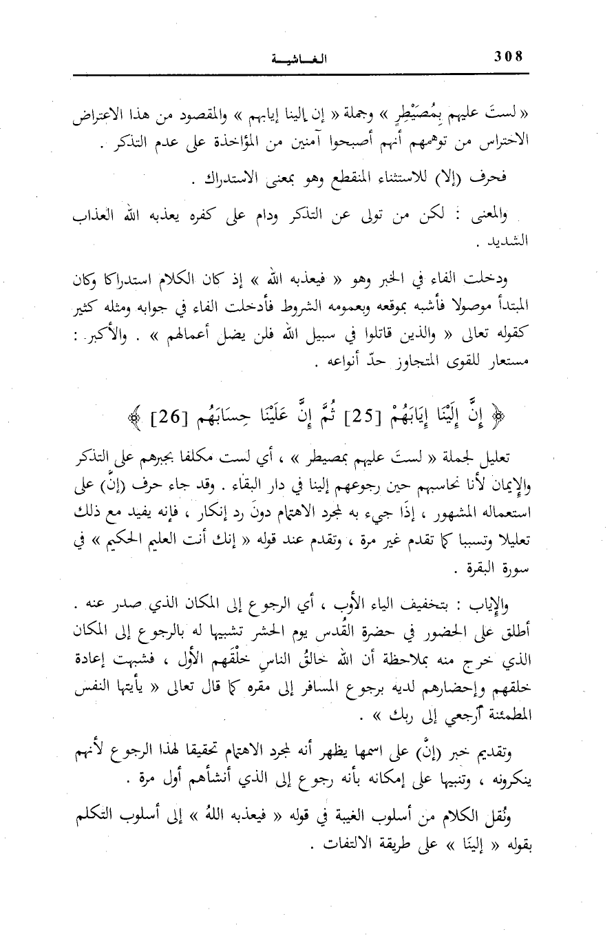تَعْلِيلٌ لِجُمْلَةِ: لَسْتَ عَلَيْهِمْ بِمُصَيْطِرٍ [الغاشية: 22] ، أَيْ لَسْتَ مُكَلَّفًا بِجَبْرِهِمْ عَلَى التَّذَكُّرِ وَالْإِيمَانِ لِأَنَّا نُحَاسِبُهُمْ حِينَ رُجُوعِهِمْ إِلَيْنَا فِي دَارِ الْبَقَاءِ. وَقَدْ جَاءَ حَرْفُ إِنَّ عَلَى اسْتِعْمَالِهِ الْمَشْهُورِ، إِذَا جِيءَ بِهِ الْمُجَرّد الِاهْتِمَامِ دُونَ رَدِّ إِنْكَارٍ، فَإِنَّهُ يُفِيدُ مَعَ ذَلِكَ تَعْلِيلًا وَتَسَبُّبًا كَمَا تَقَدَّمَ غَيْرَ مَرَّةٍ، وَتَقَدَّمَ عِنْدَ قَوْلِهِ: إِنَّكَ أَنْتَ الْعَلِيمُ الْحَكِيمُ فِي سُورَةِ الْبَقَرَةِ [32] .
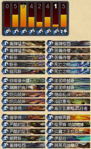 3、順劈斬:這個(gè)一開始是為了戰(zhàn)士永遠(yuǎn)的噩夢(獅子),不過后來漸漸發(fā)現(xiàn)了打獵人的地胡開局,就是對面硬幣跳雙送葬的時(shí)候送他上天。不過后來我也發(fā)現(xiàn),還能有效的打擊納克薩瑪斯的德魯伊,以及一些補(bǔ)刀。怎么說呢,屬于可選牌,根據(jù)天梯環(huán)境隨時(shí)更換。
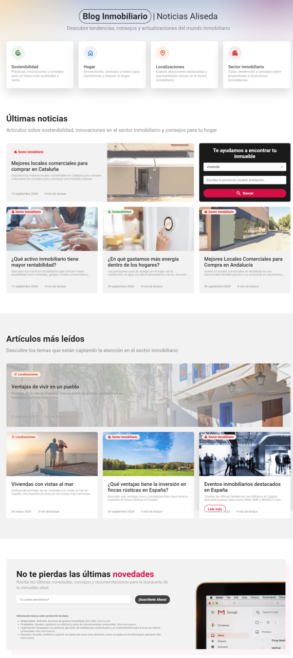 - Marketing de contenidos orientado a SEO. Ponte en la piel de tu cliente. A la hora de comprar o vender una vivienda son muchas las dudas que pueden surgirle y resulta probable que acuda al buscador para resolverlas. Por ejemplo, ¿qué tal si haces una guía de compra de vivienda? También puedes crear contenido enfocado a consejos para vender, noticias de actualidad… Pero eso sí, siempre necesitas contar con un buen estudio de palabras clave. Aquí te dejamos como ejemplo de buen trabajo el blog de Aliseda Inmobiliaria:
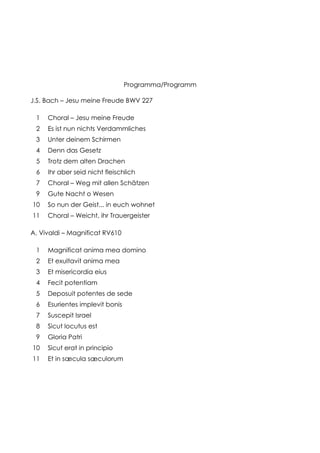 Das Dokument beschreibt ein geistliches Konzert, das am 6. Juni 2015 im Musikkonservatorium "C. Monteverdi" in Bozen stattfand. Das Programm umfasst Werke von J.S. Bach und A. Vivaldi, aufgeführt von Solisten und einem Chor unter der Leitung von Prof. Marco Simoncini. Die Aufführung beinhaltet unter anderem Bachs "Jesu meine Freude" BWV 227 und Vivaldis "Magnificat" RV 610.
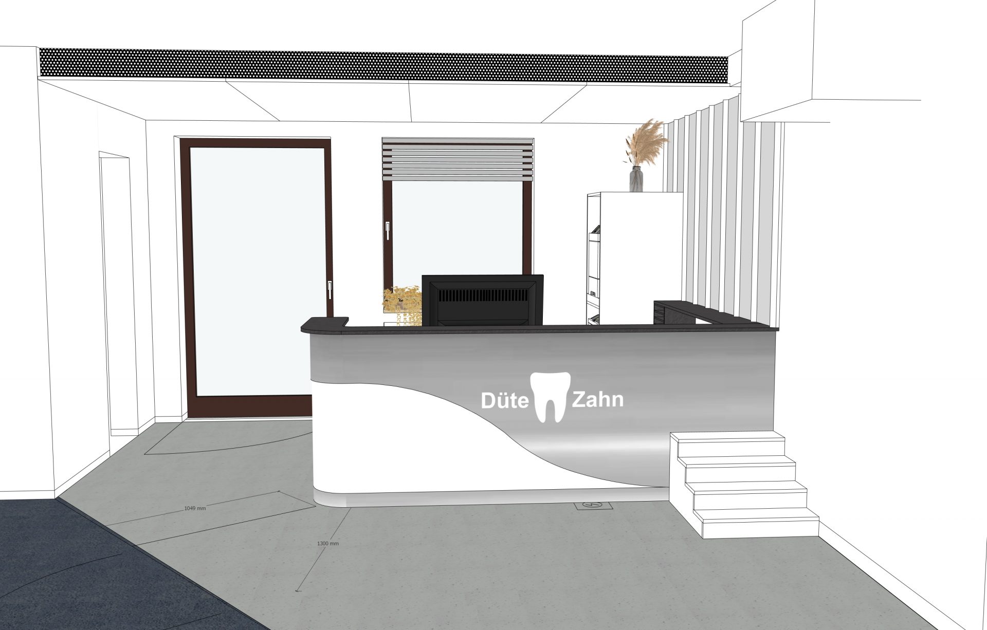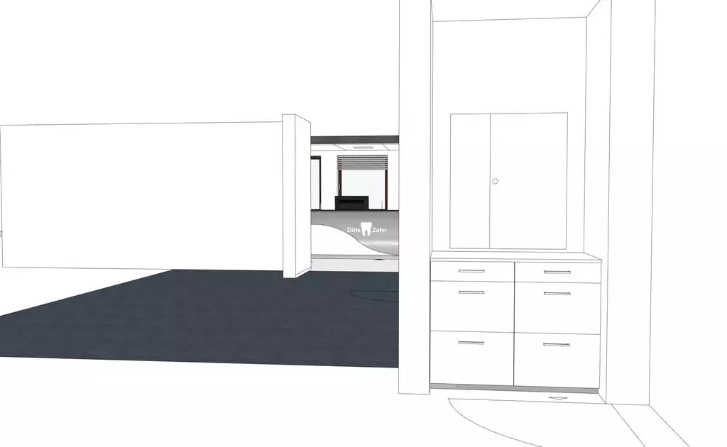 Der neu gestaltete Empfangsbereich unseres Referenzprojekts überzeugt durch eine einladende Atmosphäre und das eindrucksvoll beleuchtete Düte-Zahn-Logo hinter transluzentem Glas. Die elegante Theke mit gebürsteter Edelstahl-Front und die neue Schallschutz-Trennwand zum Warteraum sorgen nicht nur für ein modernes Ambiente, sondern auch für Privatsphäre. Zudem wurde der Röntgenraum individuell angepasst um die Arbeitsabläufe zu optimieren. Während abschließbare Staumöglichkeiten den Datenschutz sicherstellen.

* [TASK ITEM]: Exactly repeat the material from its first line through the line with "3、順劈斬:這個(gè)一開", including both, and leave the pictures and everything else out.

* [ANSWER SECTION]:
تَعْلِيلٌ لِجُمْلَةِ: لَسْتَ عَلَيْهِمْ بِمُصَيْطِرٍ [الغاشية: 22] ، أَيْ لَسْتَ مُكَلَّفًا بِجَبْرِهِمْ عَلَى التَّذَكُّرِ وَالْإِيمَانِ لِأَنَّا نُحَاسِبُهُمْ حِينَ رُجُوعِهِمْ إِلَيْنَا فِي دَارِ الْبَقَاءِ. وَقَدْ جَاءَ حَرْفُ إِنَّ عَلَى اسْتِعْمَالِهِ الْمَشْهُورِ، إِذَا جِيءَ بِهِ الْمُجَرّد الِاهْتِمَامِ دُونَ رَدِّ إِنْكَارٍ، فَإِنَّهُ يُفِيدُ مَعَ ذَلِكَ تَعْلِيلًا وَتَسَبُّبًا كَمَا تَقَدَّمَ غَيْرَ مَرَّةٍ، وَتَقَدَّمَ عِنْدَ قَوْلِهِ: إِنَّكَ أَنْتَ الْعَلِيمُ الْحَكِيمُ فِي سُورَةِ الْبَقَرَةِ [32] .
 3、順劈斬:這個(gè)一開始是為了戰(zhàn)士永遠(yuǎn)的噩夢(獅子),不過后來漸漸發(fā)現(xiàn)了打獵人的地胡開局,就是對面硬幣跳雙送葬的時(shí)候送他上天。不過后來我也發(fā)現(xiàn),還能有效的打擊納克薩瑪斯的德魯伊,以及一些補(bǔ)刀。怎么說呢,屬于可選牌,根據(jù)天梯環(huán)境隨時(shí)更換。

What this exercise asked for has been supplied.